Abstract
The recovery of biopolymers from natural resources using eco-friendly extraction technologies that enhance their mechanical properties has gained attention in recent years. In this context, this work deals with the isolation of hybrid carrageenans from Mastocarpus stellatus red seaweed using subcritical water extraction operating in a wide range of thermal conditions (70–190 °C). The extracted biopolymers were analyzed by means of either Fourier-Transform infrared, nuclear magnetic resonance, rheological or cell viability assays. In parallel, the fundamental chemical composition of the seaweed used as raw material, as well as the main phytochemical properties of the soluble liquid extracts, were also studied. Results indicated that thermal extraction conditions significantly affected the rheological behavior of the recovered hybrid carrageenans.
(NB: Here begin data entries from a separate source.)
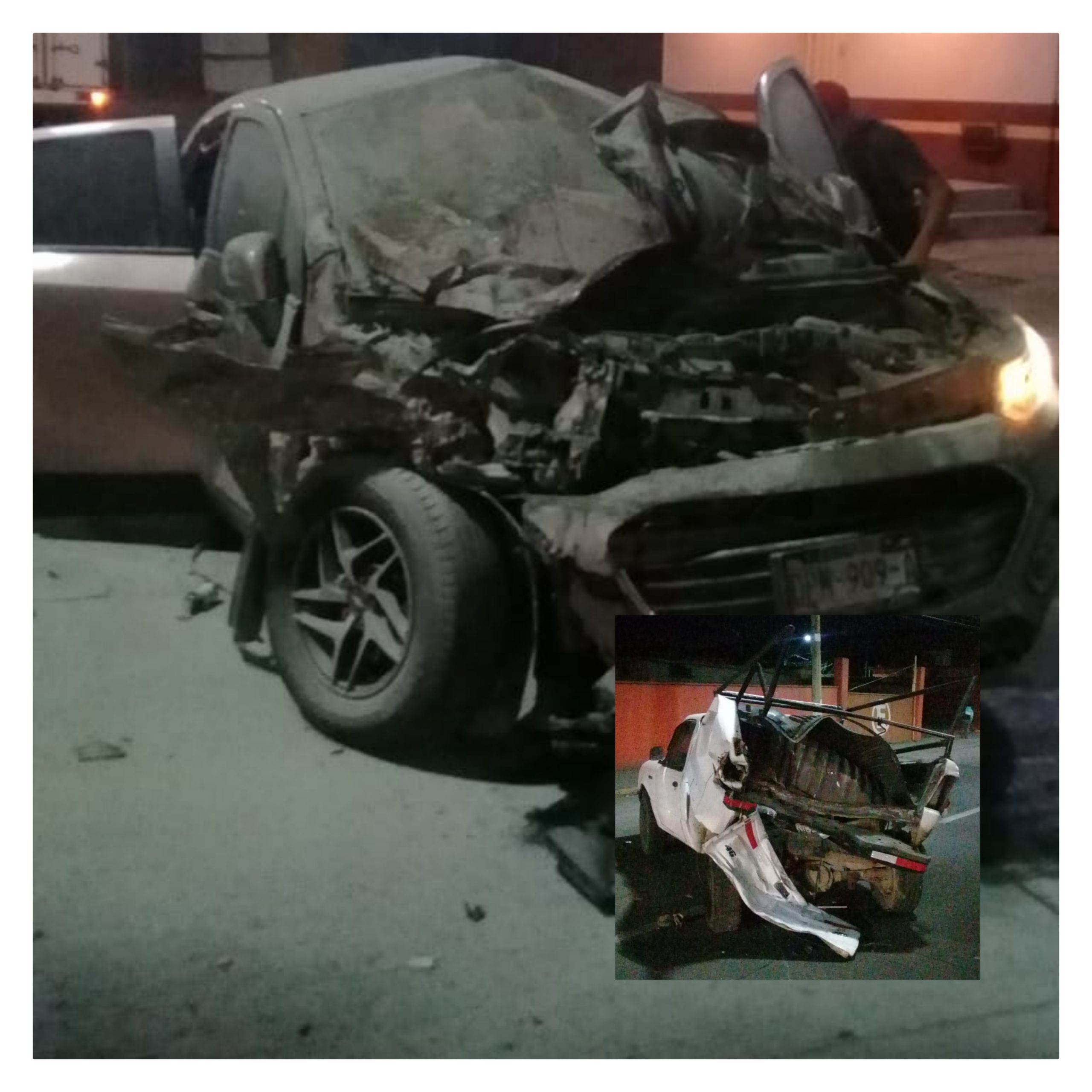 En el lugar encontraron una camioneta de lujo totalmente destrozada y otra camioneta de redilas dañada de la batea.
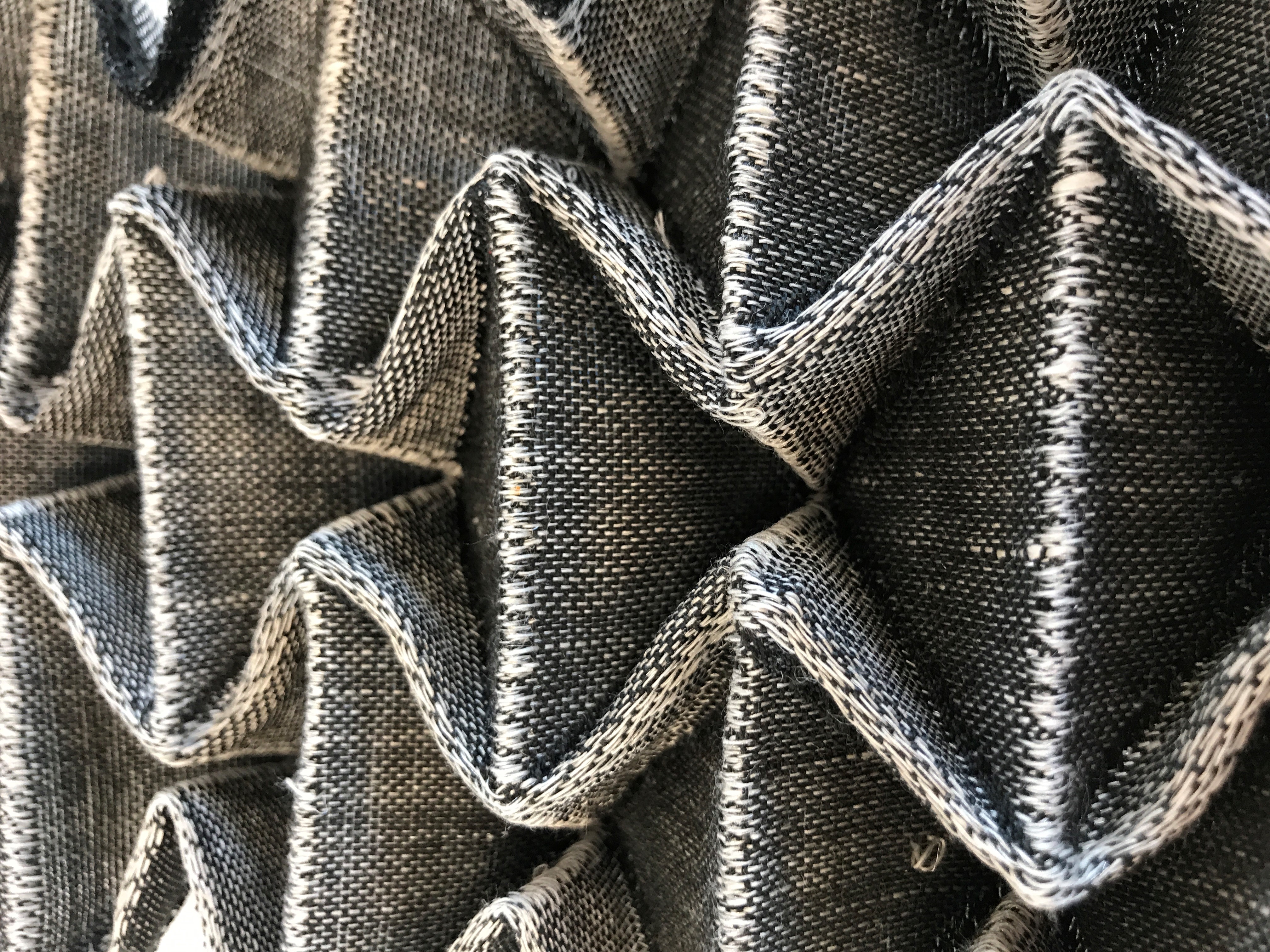 After taking the double weave fabric off the loom, she creates dimension by washing, drying, ironing, and boiling the fabric to shrink the cotton warp and permanently pleat the polyester weft. This process creates a fabric that has movement but still holds the memory of the origami folds.
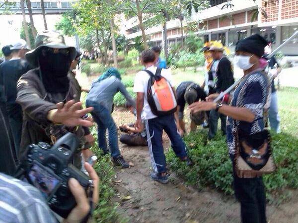 เรื่องของเรื่องมีอยู่ว่า วันที่ 27 กุมภาพันธ์ 2557 เวลา ประมาณ 11.30 น.ขบวนผู้ชุมนุม คปท ได้เคลื่อนขบวน มาปิดกรมชลประทาน สามเสน และสั่งการให้ข้าราชการ กลับบ้านให้หมดภายใน 30 นาที และได้มีการประกาศห้ามถ่ายรูป น้องผู้โชคร้ายคนนี้ พึ่งทราบว่ามีกลุ่มผู้ชุมนุมมาปิดล้อมกรม ก็เลยเดินออกมาดู พร้อมกับใช้โทรศัพท์ถ่ายรูปไว้ การ์ด คปท เห็นก็เลยเดินมาต่อว่า และบอกให้ลบรูปที่ถ่าย น้องเค้าก็กำลังจะลบ แต่คาดว่าคงไม่ทันใจการ์ด คปท พี่แกก็เลยจะแย่งโทรศัพท์มาลบ แถมด่าให้อีกต่างหาก ยื้อกันไปมา พวก การ์ดใจร้อนเลยซัดเปรี้ยงเข้าให้ หลังจากนั้น ก็ 10 คน รุม หนึ่งคน ครับ น้องสะบักสะบอมเอาการ หลังจากเกิดเหตุ
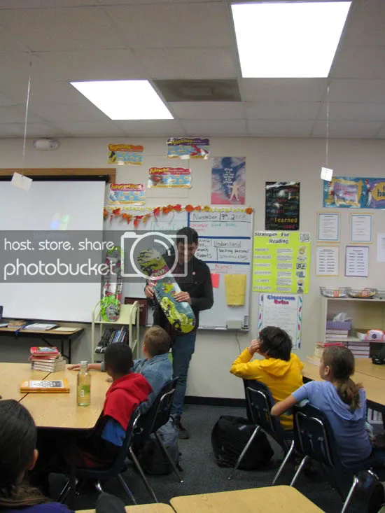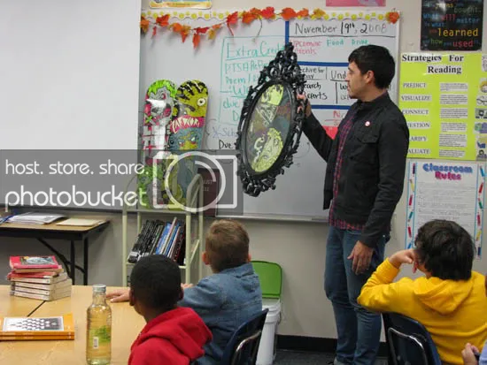I would of been SUPER pumped if I was their age and some bad ass dude came in their with skate decks and paintings of guts talking about how he makes his money this way and plays in punk bands. I'm just saying.
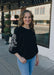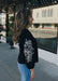 This black 3/4 sleeve top is finished with eye-catching soutache embroidery along the sleeves for a refined yet effortless look. Designed with a classic crew neckline and softly gathered sleeves with elastic cuffs, it blends comfort with subtle statement detail. Easy to dress up or down, it’s a versatile piece that adds interest to everyday styling.

The hybrid carrageenan extraction yields varied, with results between 10.2 and 30.2% being the highest values obtained at hydrothermal treatment of 130 °C. A wide palette of viscous features was identified for recovered hybrid carrageenans, with the strongest rheology properties observed at the same temperature. It should be remarked that the maximum inhibitory effect was also obtained at 130 °C for both the ovarian carcinoma cell line (A2780) (65%, IC50: 0.31 mg/mL) and lung carcinoma cell line (A549) (59%, IC50: 0.41 mg/mL).
Highlights
Polymers from macroalgae have a great potential in different fields, including pharmaceutical, food or cosmeceutical fields [1,2,3,4,5]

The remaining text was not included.